Миша добрался до ответвления, стал пробираться через нижние провода. Он осторожно переступал когтями, и столб гулко отзывался на каждый его шаг.
— Эх, фонарик бы сюда! — услышали мы сверху тоскливый голос.
Фонарик, обыкновенный карманный фонарик — это наша давняя и несбыточная мечта. Ну где ты его достанешь сейчас, а если и достанешь, где возьмешь для него батарейки. Мы даже пробовали перезаряжать старые цинковые элементы, но у нас, конечно, ничего не получилось. И мы только мечтаем о фонаре, которым можно было бы светить ночью, вот в таких случаях.

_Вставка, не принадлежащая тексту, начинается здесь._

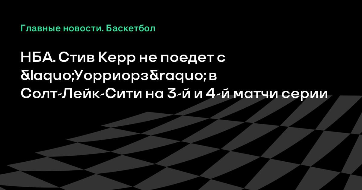 Главный тренер «Голден Стэйт» Стив Керр не поедет с командой в Солт-Лейк-Сити на третий и четвертый матчи серии второго раунда с «Ютой» (2-0), сообщает RealGM.
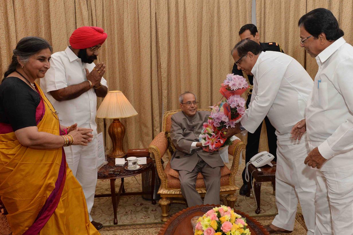 | Caption: | The President of India, Shri Pranab Mukherjee meeting with Shri Abid Rasool Khan with others, at Rashtrapati Nilayam, Bolarum, in Secunderabad on December 26, 2015. |

Потом наверху заискрило сильнее — это Миша добрался до перемычки, пробует ее поджать.
Гляди, в разрыв не попади, — негромко говорит Бутыгин и советует: — Эту не трогай, черт с ней, поставь новую, параллельно — и все…
— Знаю, — откликнулся Миша, — вот только не доберешься до нее никак…
Он поднялся еще чуть выше, и тут мы увидели, что он как-то странно изогнулся, будто с наслаждением потягивается после долгого сна и даже постанывает от удовольствия при этом.
— Миша! — крикнул я. — Ми-ша!
Но он не отзывался. Его выворачивало все больше, и какой-то нечеловеческий, утробный крик вырвался вдруг из его груди.
Лестницу! — заорал Бутыгин. — Лестницу тащи, едри твоей веры бога:..
Миша! Миша, держись, я сейчас, сейчас, вот сейчас, — кричал я что-то несуразное и летел к нашей клетке, где, прислонённая к стене, стояла пятиметровая лестница.
А впереди себя я видел Бутыгина. Он бежал еще быстрее меня, и зад его трепыхался, как бараний курдюк.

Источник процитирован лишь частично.